Your job is to print, exactly, the lines in the data below from the line with "4、战斗胜利后领取【金币-1" through the line with "Geboorteposter Geboortebloem Augustus", both included, and to omit any picture.
╔══
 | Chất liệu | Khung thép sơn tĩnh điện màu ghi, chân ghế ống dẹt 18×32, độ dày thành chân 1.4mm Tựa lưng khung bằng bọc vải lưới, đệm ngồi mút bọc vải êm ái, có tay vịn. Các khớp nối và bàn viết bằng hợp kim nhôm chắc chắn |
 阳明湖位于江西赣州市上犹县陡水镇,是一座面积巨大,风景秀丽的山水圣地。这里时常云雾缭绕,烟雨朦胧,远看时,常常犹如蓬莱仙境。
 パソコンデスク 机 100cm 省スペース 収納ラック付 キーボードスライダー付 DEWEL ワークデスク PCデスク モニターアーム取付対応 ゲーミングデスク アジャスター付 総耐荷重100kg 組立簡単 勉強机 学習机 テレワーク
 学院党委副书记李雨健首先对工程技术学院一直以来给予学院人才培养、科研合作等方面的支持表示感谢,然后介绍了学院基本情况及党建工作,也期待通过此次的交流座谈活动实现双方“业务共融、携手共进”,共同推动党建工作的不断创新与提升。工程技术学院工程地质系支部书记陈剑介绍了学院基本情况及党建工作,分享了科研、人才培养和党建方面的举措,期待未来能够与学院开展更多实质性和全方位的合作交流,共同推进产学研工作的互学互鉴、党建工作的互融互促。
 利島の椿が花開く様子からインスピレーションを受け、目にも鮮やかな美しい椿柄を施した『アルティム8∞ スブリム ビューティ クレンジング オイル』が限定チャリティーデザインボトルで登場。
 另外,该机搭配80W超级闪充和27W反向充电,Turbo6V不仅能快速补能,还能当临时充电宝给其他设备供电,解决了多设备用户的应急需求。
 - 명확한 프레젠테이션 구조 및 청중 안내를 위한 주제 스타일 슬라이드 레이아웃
╚══
╔══
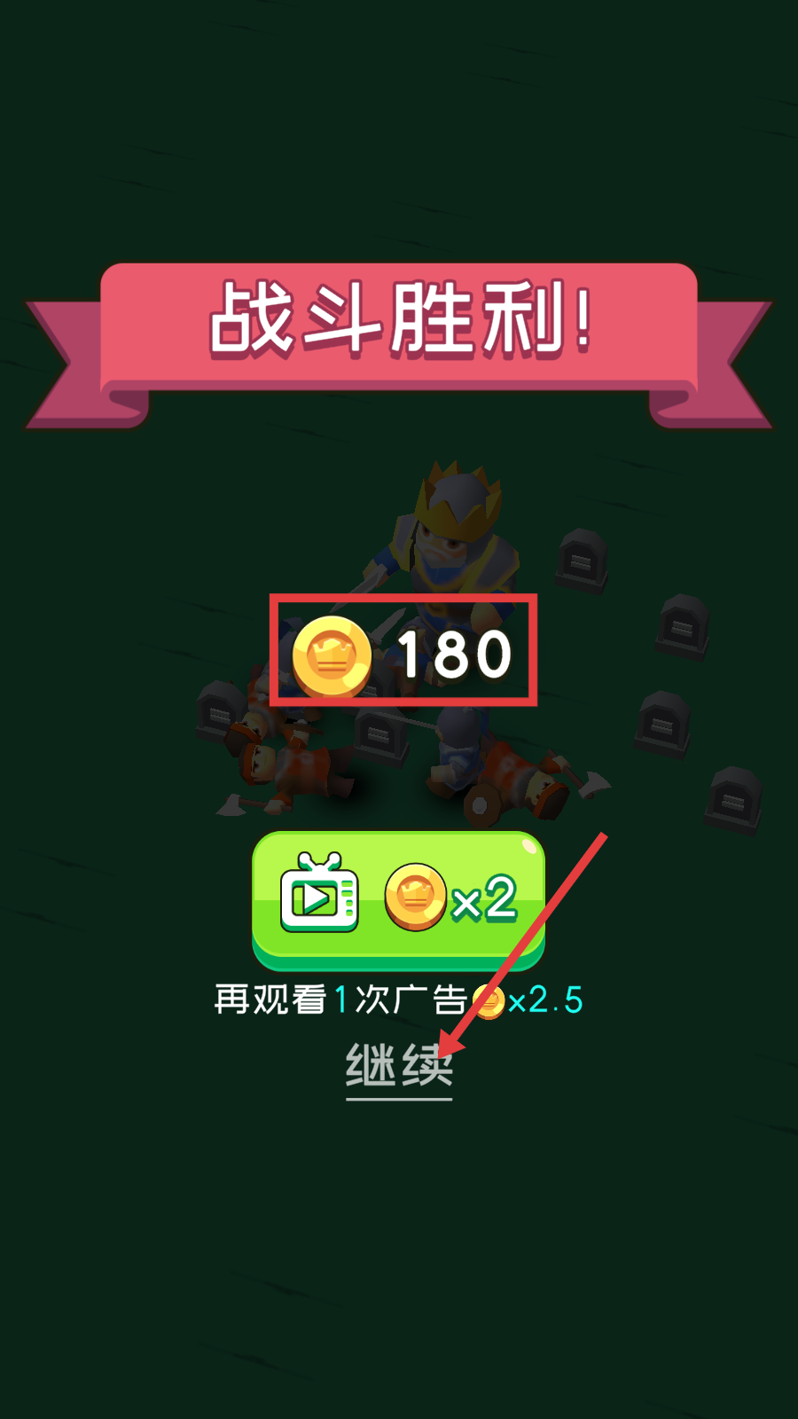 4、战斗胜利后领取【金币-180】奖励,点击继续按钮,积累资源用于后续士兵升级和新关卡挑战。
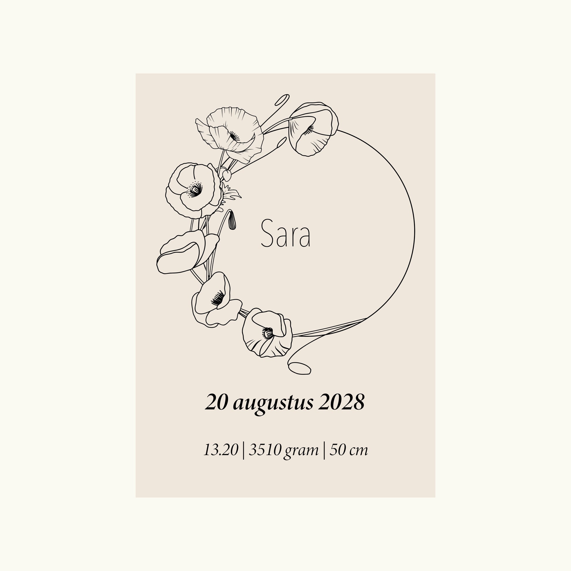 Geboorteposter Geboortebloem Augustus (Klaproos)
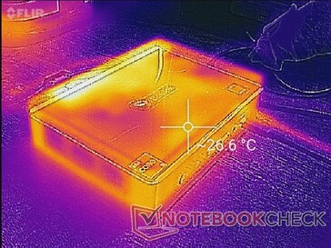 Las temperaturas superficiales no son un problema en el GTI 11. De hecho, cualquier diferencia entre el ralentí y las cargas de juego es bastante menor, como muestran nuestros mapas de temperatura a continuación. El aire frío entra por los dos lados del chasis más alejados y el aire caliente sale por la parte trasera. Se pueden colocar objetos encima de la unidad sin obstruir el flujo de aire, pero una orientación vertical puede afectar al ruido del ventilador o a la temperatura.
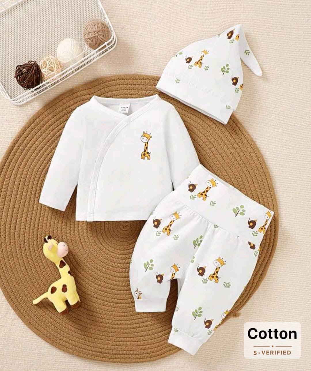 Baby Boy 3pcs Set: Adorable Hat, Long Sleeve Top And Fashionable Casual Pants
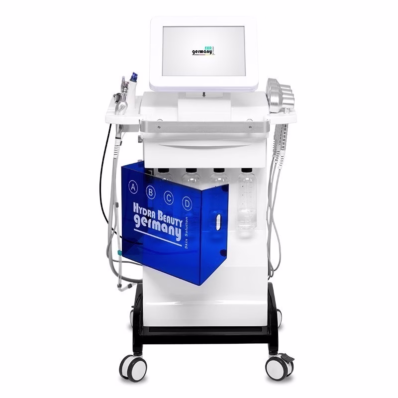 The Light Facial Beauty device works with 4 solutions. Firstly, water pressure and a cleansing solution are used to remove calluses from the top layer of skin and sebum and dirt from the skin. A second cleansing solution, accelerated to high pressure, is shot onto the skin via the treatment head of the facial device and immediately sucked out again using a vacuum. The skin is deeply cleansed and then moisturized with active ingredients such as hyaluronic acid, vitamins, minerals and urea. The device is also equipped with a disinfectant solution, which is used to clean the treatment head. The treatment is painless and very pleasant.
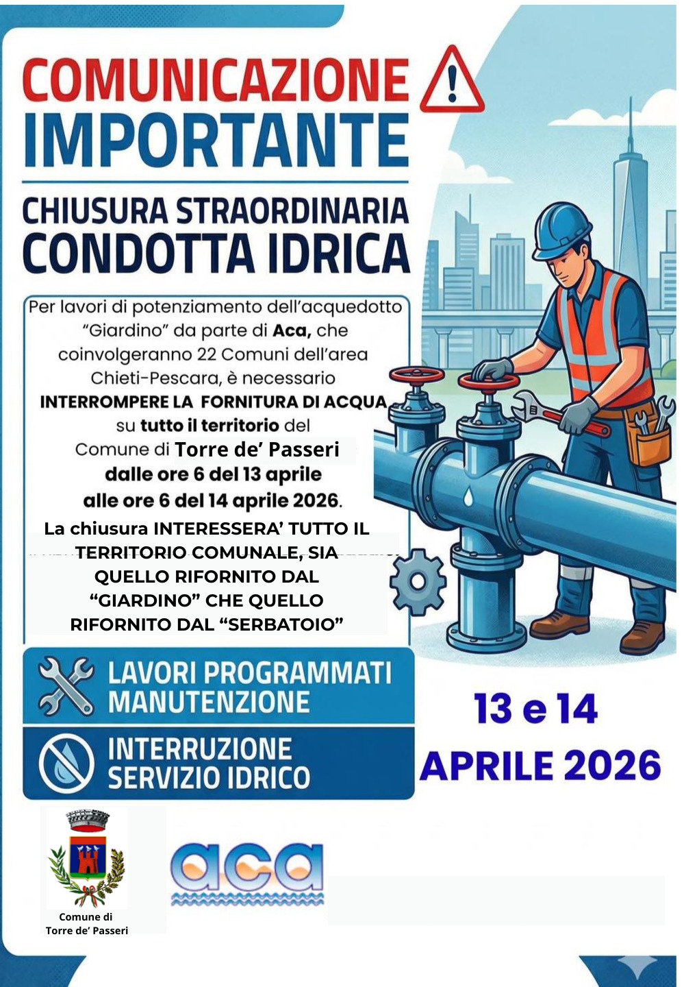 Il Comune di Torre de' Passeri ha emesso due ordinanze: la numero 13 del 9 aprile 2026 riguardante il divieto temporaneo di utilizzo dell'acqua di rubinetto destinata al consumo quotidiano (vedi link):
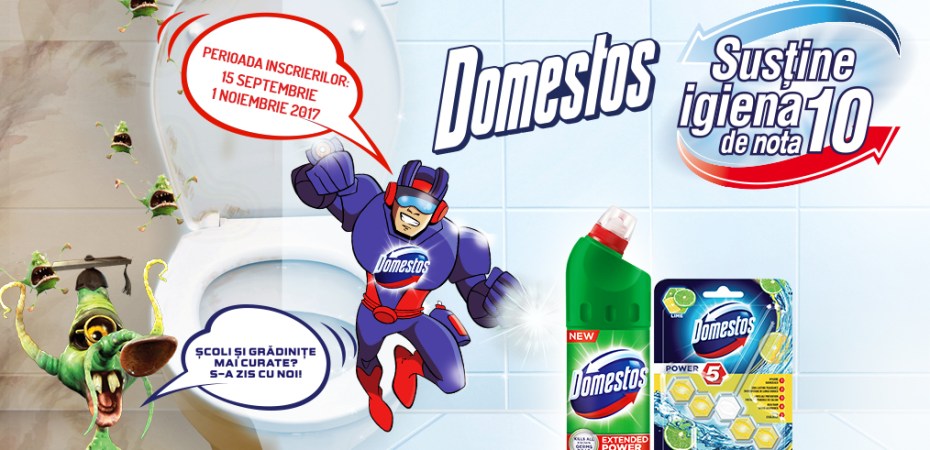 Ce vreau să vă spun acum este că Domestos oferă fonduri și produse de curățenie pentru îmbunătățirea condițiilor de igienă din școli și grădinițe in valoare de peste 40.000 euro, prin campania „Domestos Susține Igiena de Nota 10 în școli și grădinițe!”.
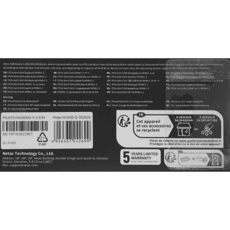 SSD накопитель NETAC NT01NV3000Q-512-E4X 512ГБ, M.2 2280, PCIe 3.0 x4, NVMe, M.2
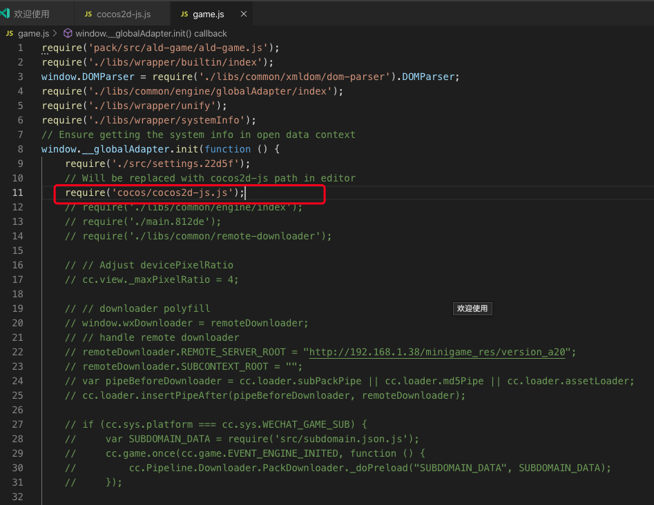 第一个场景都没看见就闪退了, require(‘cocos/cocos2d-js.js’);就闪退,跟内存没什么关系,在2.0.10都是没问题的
╚══
> [Exercise solution]:
 4、战斗胜利后领取【金币-180】奖励,点击继续按钮,积累资源用于后续士兵升级和新关卡挑战。
 Geboorteposter Geboortebloem Augustus (Klaproos)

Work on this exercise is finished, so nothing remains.